German potato dumplings (or the “knödel” [pronounced “kuh-noo-dle”] as they’re known in Germany) are the perfect side dish to your next winter meal.

Knödels are typically more a of side dish, especially during the cold winter months when you want something a little heavier on your plate. This special German dumpling shows up more often than not in a lot of main courses around Christmastime, but since Germany is known for being one of the colder Western European countries, it’s not uncommon to see these guys outside of winter. And they’re so tasty, you’ll be craving them in the other seasons as well.

Best paired with something saucey, like pork medallions (I have an amazing recipe for that, too, coming soon!), but since I can’t eat mammal meat, I like to pair mine with roasted duck!

Easy German Potato Dumplings (aka The Knödel)

Serving: 4 people Prep Time: Cook Time:

Ingredients

4lbs potatoes

1lb potato flour

2 eggs

salt to taste

Directions for Easy German Potato Dumplings:

Step 1: Wash and peel potatoes.

Step 2: Place washed potatoes in a large pot and cover with hot water. Boil until soft.
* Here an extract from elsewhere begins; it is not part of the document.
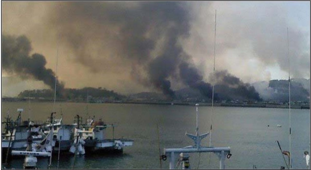
Brande på den beskydte grænseø Yeonpyeong.

Uanset hvilken af de tre muligheder, som de nordkoreanske generaler i givet fald måtte vælge, vil virkningerne på den nervøse verdensøkonomi blive ødelæggende. Men generalerne har ikke en aktie i verdensøkonomien, og deler ikke Vestens post-moderne holdning til den militære magts anvendelighed.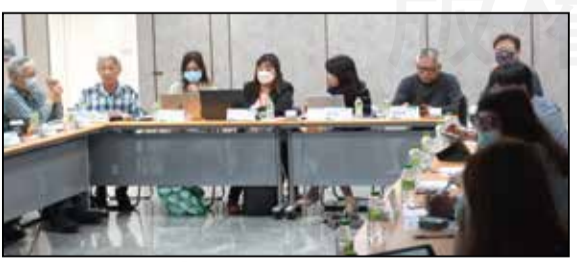
↑亞洲藥學會總部於2月11~13日派員，來台場勘台北國際會議中心(TICC)，並在2月13日上午參與2023 FAPA年會第二次籌備會議。

Step 3: After you can poke potatoes easily with a fork, drain water and allow to cool ~10mins (*You can also skip the cooling time if you’re in a hurry or don’t mind working around the steam).

Step 4: Mash potatoes.

Step 5: Add salt and eggs. Little by little, add the potato flour and mix well. (You’ll know you have enough starch when the potato is no longer sticking to your hands.)

Step 6: From the dough, form palm-sized balls.

Step 7: In a separate pot (or after rinsing the previous pot), boil water.

Step 8: Once the water is boiling, add the potato balls.

Step 9: Remove from water once they float. Serve immediately with your favorite sauce.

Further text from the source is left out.